Magnetic resonance imaging

Our research

Magnetic resonance (MRI) is an imaging technique suitable for visualizing and analyzing the heart and cardiovascular system. Using techniques such as 4D flow MRI and Dixon, we can assess blood flow, fat, and water fractions, increasing our understanding of physiology and pathophysiology.

Cardiovascular 4D flow MRI allows for measurement of time-resolved, three-dimensional (time + 3D = 4D) blood flow velocity in the heart and larger vessels. This method, which was pioneered at CMIV, permits the visualization of blood flow patterns, and the assessment of volumetric blood flow anywhere in the acquired volume, without constrictions to a single location.

​​The velocity measurements can be used for intracardiac flow analysis, and assessment of hemodynamic parameters such as turbulent kinetic energy, wall shear stresses, pressure gradients and more. Moreover, 4D flow MRI can be combined with other techniques, for example valve tracking to quantify forward and regurgitant flow in the cardiac valves. Studying cardiovascular blood flow dynamics in patients and healthy subjects will improve our understanding of the roles of flow dynamics in health and disease, leading to improved cardiac diagnostics, novel assessments of pharmaceutical, interventional, and surgical therapies.
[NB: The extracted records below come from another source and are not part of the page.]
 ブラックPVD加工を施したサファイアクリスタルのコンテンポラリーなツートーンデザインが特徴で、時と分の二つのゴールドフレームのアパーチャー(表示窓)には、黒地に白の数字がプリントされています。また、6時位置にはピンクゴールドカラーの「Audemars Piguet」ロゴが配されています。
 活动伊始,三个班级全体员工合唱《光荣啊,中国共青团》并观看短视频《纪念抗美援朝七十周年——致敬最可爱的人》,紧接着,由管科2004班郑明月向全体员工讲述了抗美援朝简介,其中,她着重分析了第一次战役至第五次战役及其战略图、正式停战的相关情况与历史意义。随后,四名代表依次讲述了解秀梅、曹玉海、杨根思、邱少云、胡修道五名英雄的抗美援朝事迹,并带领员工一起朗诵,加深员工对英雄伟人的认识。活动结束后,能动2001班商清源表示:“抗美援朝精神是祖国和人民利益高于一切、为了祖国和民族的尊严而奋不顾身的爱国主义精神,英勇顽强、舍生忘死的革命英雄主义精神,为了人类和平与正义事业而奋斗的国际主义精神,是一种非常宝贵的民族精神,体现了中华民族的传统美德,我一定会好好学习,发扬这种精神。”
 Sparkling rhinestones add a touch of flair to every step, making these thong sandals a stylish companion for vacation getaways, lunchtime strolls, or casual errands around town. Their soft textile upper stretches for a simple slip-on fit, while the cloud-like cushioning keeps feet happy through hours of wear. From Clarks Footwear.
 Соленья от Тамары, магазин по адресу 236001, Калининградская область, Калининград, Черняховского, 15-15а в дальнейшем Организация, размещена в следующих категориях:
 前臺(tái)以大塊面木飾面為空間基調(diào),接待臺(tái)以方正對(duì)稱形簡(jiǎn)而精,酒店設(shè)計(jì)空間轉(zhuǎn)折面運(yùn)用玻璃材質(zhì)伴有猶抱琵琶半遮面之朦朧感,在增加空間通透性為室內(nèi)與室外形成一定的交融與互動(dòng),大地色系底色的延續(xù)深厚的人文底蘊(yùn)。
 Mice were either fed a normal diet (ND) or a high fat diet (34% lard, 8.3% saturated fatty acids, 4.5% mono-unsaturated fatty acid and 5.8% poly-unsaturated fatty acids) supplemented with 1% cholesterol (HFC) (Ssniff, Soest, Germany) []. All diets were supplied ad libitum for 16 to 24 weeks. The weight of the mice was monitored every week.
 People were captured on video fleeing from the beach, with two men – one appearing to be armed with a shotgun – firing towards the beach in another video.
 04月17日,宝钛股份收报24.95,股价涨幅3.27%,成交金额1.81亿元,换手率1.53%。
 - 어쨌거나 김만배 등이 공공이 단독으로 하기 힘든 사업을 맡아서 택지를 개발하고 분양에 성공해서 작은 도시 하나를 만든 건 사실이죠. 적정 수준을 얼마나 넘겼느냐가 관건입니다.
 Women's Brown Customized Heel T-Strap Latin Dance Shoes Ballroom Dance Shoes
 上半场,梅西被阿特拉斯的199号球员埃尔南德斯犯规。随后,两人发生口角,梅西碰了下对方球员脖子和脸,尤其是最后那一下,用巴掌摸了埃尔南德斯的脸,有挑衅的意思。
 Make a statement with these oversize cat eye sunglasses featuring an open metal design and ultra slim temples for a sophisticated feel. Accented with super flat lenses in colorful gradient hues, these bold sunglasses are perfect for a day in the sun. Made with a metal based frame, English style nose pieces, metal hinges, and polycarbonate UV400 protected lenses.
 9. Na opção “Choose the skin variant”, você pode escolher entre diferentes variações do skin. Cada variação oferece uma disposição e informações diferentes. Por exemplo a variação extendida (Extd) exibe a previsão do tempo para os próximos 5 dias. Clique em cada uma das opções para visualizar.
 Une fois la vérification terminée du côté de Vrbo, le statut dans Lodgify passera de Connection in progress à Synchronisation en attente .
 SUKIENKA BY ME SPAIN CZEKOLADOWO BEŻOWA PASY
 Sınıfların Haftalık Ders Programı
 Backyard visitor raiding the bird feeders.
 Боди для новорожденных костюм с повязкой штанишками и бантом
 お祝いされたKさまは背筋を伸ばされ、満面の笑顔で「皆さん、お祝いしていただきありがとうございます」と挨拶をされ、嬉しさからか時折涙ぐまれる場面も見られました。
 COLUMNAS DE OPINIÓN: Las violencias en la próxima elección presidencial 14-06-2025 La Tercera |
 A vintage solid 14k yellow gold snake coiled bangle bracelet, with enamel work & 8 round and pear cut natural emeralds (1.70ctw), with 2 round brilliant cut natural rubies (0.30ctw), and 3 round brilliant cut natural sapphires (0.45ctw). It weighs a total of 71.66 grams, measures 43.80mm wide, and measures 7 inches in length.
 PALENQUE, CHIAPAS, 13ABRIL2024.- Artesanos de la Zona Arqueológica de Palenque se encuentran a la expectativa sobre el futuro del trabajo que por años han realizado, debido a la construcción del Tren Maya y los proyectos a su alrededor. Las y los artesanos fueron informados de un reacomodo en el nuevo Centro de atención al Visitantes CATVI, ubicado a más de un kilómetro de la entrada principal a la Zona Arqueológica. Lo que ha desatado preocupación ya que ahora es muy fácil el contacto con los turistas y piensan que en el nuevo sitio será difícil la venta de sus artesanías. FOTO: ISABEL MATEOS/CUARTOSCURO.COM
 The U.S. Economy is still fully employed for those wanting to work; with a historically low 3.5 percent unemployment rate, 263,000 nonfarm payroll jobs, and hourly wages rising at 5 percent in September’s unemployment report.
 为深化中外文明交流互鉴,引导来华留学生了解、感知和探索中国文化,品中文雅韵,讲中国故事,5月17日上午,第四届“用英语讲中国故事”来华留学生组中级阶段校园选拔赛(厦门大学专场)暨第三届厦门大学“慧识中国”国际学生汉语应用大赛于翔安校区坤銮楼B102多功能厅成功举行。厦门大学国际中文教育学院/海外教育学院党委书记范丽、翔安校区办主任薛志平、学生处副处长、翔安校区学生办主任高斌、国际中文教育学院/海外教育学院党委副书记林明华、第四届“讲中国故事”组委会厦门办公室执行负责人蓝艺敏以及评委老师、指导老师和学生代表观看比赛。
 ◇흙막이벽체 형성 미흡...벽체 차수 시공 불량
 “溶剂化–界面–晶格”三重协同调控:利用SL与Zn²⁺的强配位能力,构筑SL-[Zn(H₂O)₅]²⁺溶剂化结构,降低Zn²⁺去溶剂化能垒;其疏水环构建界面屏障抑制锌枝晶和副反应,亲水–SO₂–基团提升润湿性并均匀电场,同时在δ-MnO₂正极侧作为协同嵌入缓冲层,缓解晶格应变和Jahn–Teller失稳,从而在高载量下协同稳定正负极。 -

Some of the challenges of 4D flow MRI are the extended scanning and reconstruction times. We are actively researching different methods to expedite the scanning and reconstruction process. This involves acquiring data more rapidly on the scanner and subsequently applying reconstruction techniques. These approaches aim to enhance the quality of images available for in-depth analysis.


Visualization of kinetic energy in the heart and the aorta. The dataset was acquired with 4D Flow MRI.

Visualization of blood flow velocities in the heart and the aorta. The dataset was acquired with 4D Flow MRI.